Liquid mixtures of hydrocarbons (they all differ in different molecular structures and boil at high temperature), which are released as a by-product in gas condensate, gas and oil fields, are united by a common name - gas condensates. Their composition and quantity depend on the place and production conditions, therefore, they vary widely. However, they can be divided into two types:
- stable gas condensate in the form of gasoline-kerosene fractions (and sometimes higher molecular weight liquid oil components),
- unstable product, which, in addition to hydrocarbons C5 and higher, includes gaseous hydrocarbons in the form of a methane-butane fraction.
Condensate can come from three types of wells where it is produced:
- Crude oil (it comes in the form of associated gas, which can lie underground separately from crude oil (in layers) or be dissolved in it).
- Dry natural gas (characterized by a low content of hydrocarbons dissolved in it, the condensate yield is low).
- Wet natural gas (produced in gas condensate fields and is characterized by a high content of gasoline condensate).
The amount of liquid components in natural gases varies from 0.000010 to 0.000700 m³ per 1 m³ of gas.

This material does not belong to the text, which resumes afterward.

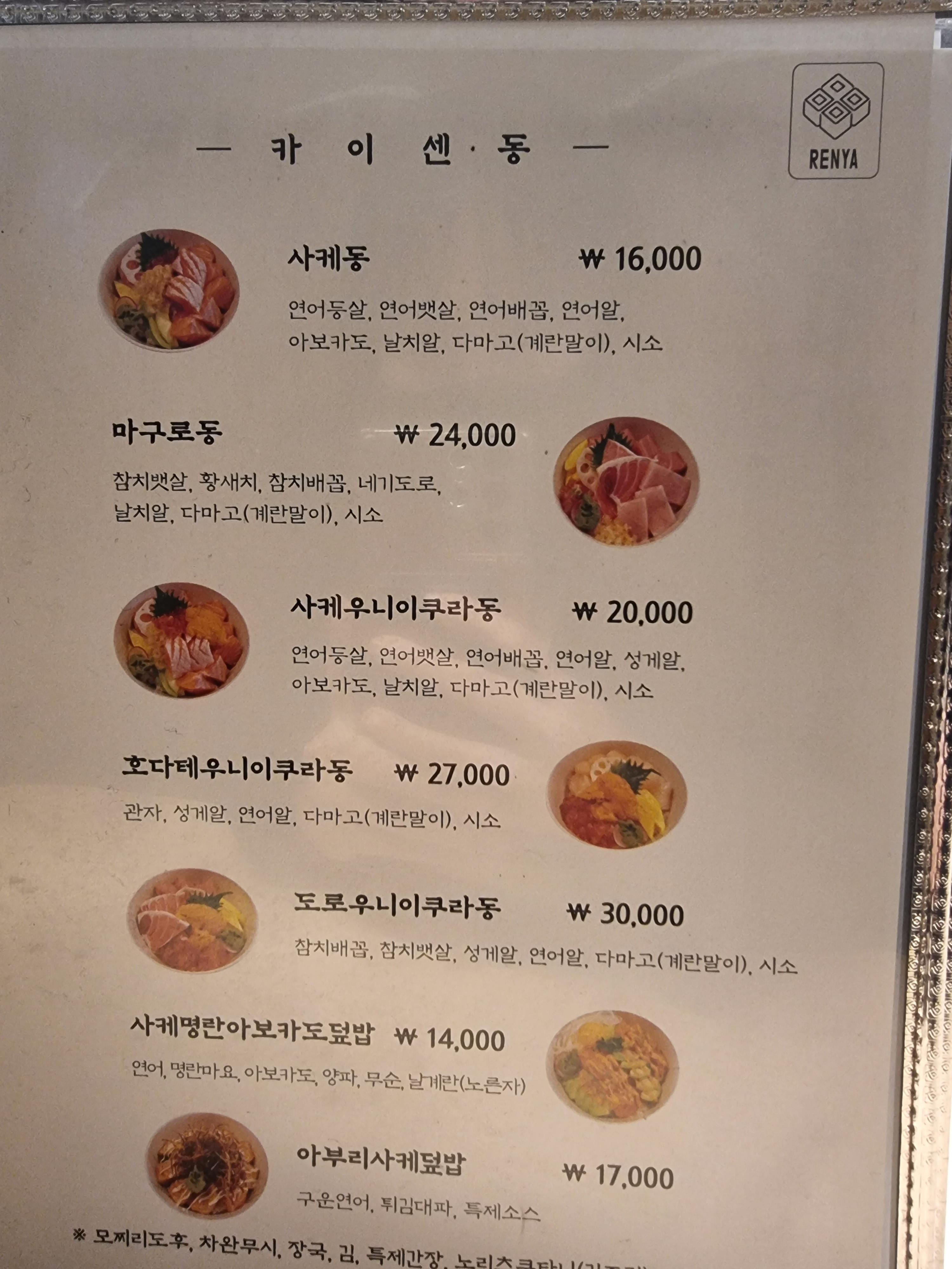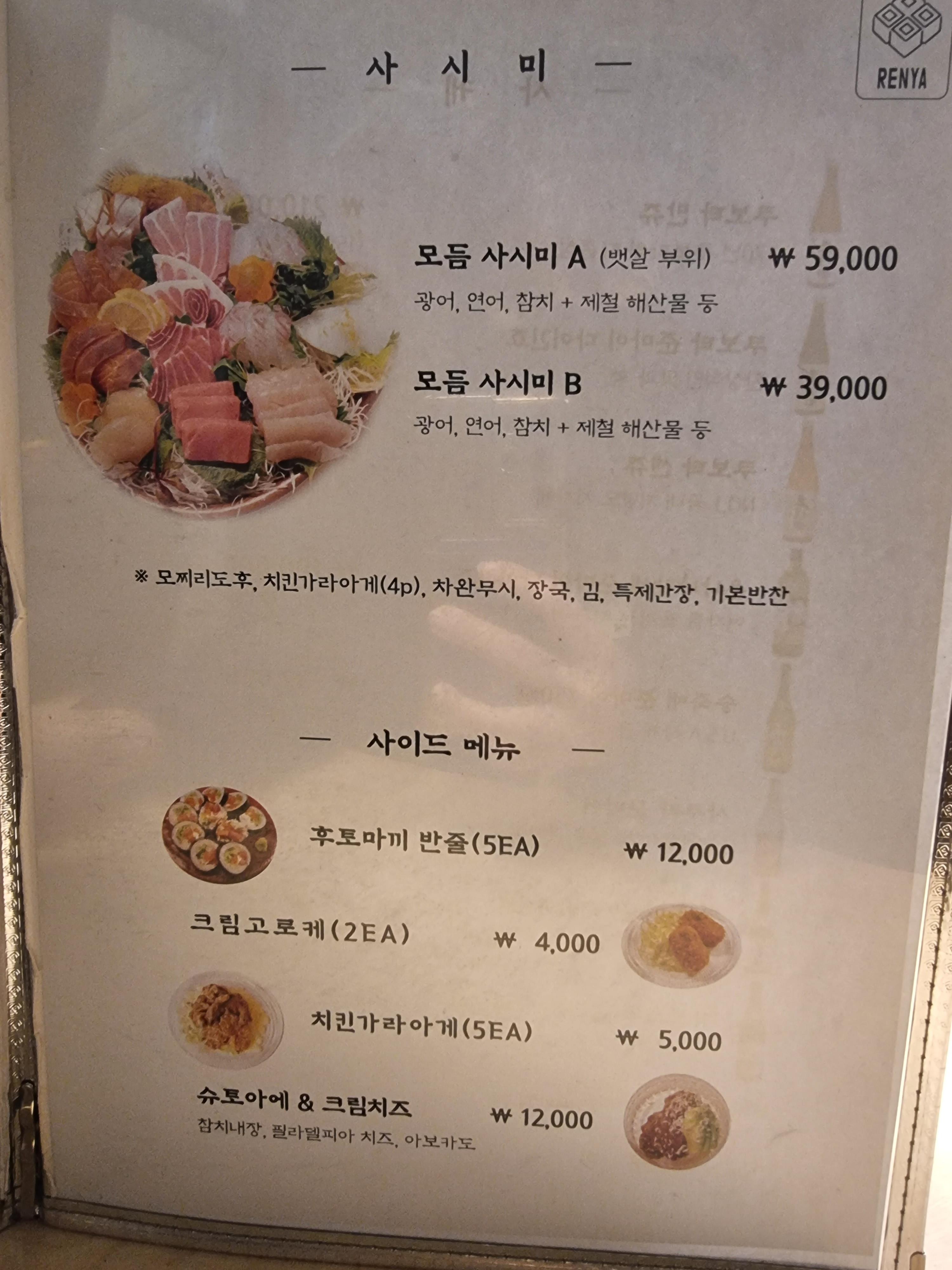 렌야 초밥은 2천 , 어린이초밥 1천 원 인상되었습니다 ~

For example, the yield of stable gas condensate at various fields:
- Vuktylskoye (Komi Republic) - 352.7 g / m³;
- Urengoyskoye (Western Siberia) - 264 g / m³;
- Gazlinskoye (Central Asia) - 17 g / m³;
- Shebelinsky (Ukraine) - 12 g / m³.
Natural gas condensate is a multicomponent mixture of various low-density liquid hydrocarbons in which gaseous components are present. It condenses from the raw gas during lowering temperatures when drilling wells (below the dew point of the produced hydrocarbons). It is often referred to simply as "condensate" or "gas gasoline."
The schemes for separating condensate from natural gas or oil are varied and depend on the field and purpose of the products. As a rule, in a technological installation constructed near a gas or gas condensate field, the produced gas is prepared for transportation: water is separated, sulfur compounds are purified to a certain limit, hydrocarbons C1 and C2 are transported to the consumer, a small fraction of them (from the produced) are pumped into reservoirs for pressure maintenance. The separated fraction (after removal of C3 components from it, but with a small content) is the gas condensate that is sent as a feed stream to refineries or to petrochemical synthesis plants. Transportation is carried out by pipeline or bulk transport.

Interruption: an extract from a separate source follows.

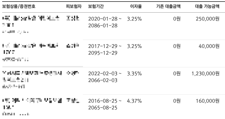 확인해보면 보험상품별로 대출 가능금액과 이자율이 다르니 이 점 유의하셔야 합니다.
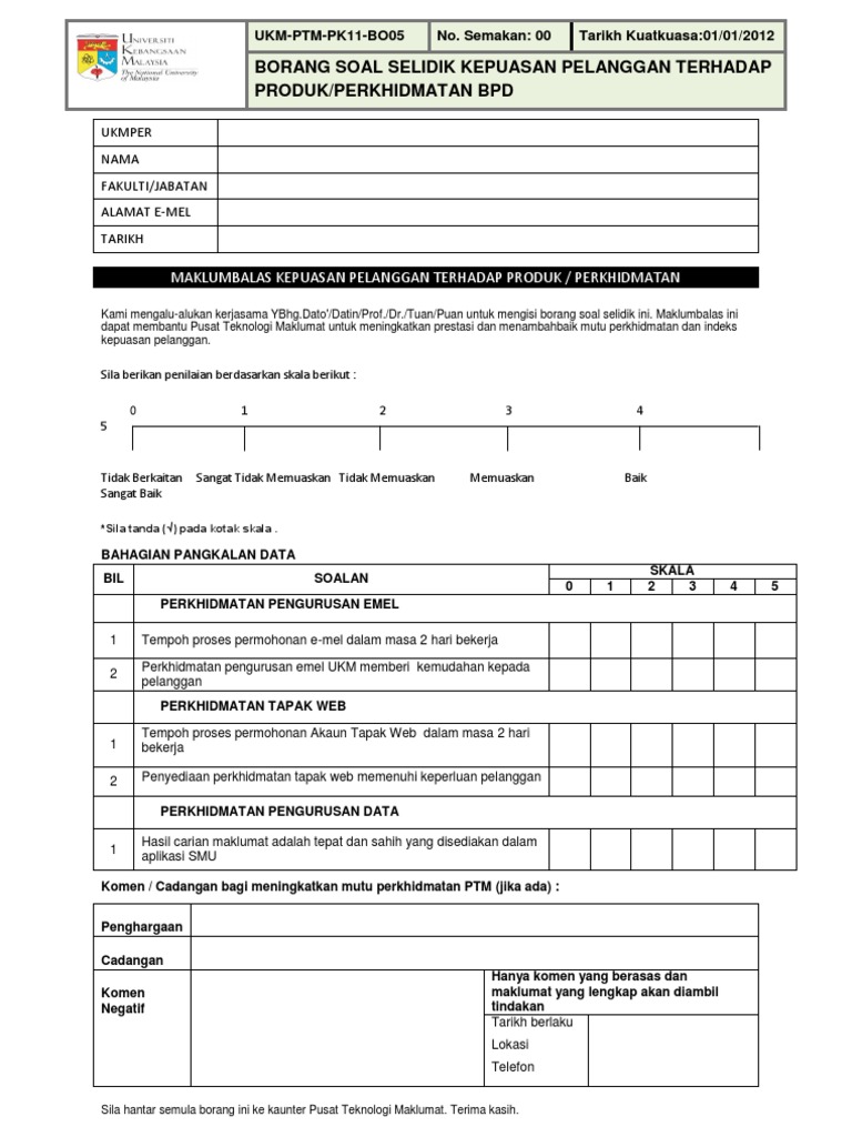 Contoh borang soal selidik kepuasan pelanggan contoh borang soal selidik kepuasan pelanggan contoh borang soal selidik pekerjaan contoh borang soal selidik geografi 2016 contoh borang soal selidik pengajian am contoh borang soal selidik tentang pencemaran contoh borang soal selidik sistem pengangkutan contoh borang soal selidik sejarah contoh borang soal selidik produk contoh borang. Oleh itu kami amat menghargai sebarang maklum balas mengenai produk dan khidmat kami. Sila pastikan semua maklumat ditulis dengan jelas dan betul bagi memudahkan proses semakan siasatan. Kepuasan anda sebagai pelanggan kami adalah pengukur kejayaan kami.

Gas condensate at refineries is used as raw material for the production of gasoline with a low octane rating, to increase which antiknock additives are used. In addition, the product is characterized by a high cloud point and solidification temperature, so it is used to produce summer fuel. As diesel fuel, gas condensate is used less often, since additional dewaxing is required. This direction uses less than a third of the condensates extracted.

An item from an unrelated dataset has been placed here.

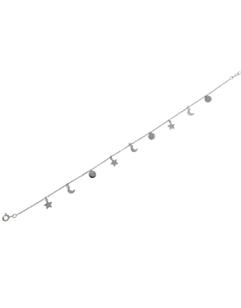 Tobillera Plata Mujer PTOB24 Estrellas Media Lunas Circonitas
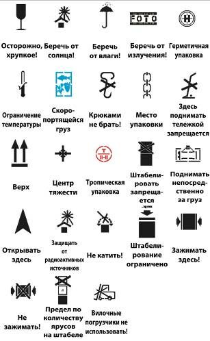 Манипуляционные знаки содержат информацию о способах обращения с грузом (верх не кантовать, осторожно хрупкое, боится сырости и др.)

The most interesting technological solution is the use of a product such as a wide fraction of light hydrocarbons for petrochemical synthesis. With its receipt begins the processing of gas condensate. Deeper processes continue at the pyrolysis plants, where NGL is used as a raw material for the production of important monomers such as ethylene, propylene, and many other related products. Then ethylene is sent to the polymerization unit, from it polyethylene of various grades is obtained. Polymerization of propylene produces polypropylene. The butylene-butadiene fraction is used to make rubber. Hydrocarbons C6 and higher are raw materials for the production of petrochemical synthesis (benzene is obtained), and only the C5 fraction, which is a raw material for the production of the most valuable products, is used so far inefficiently.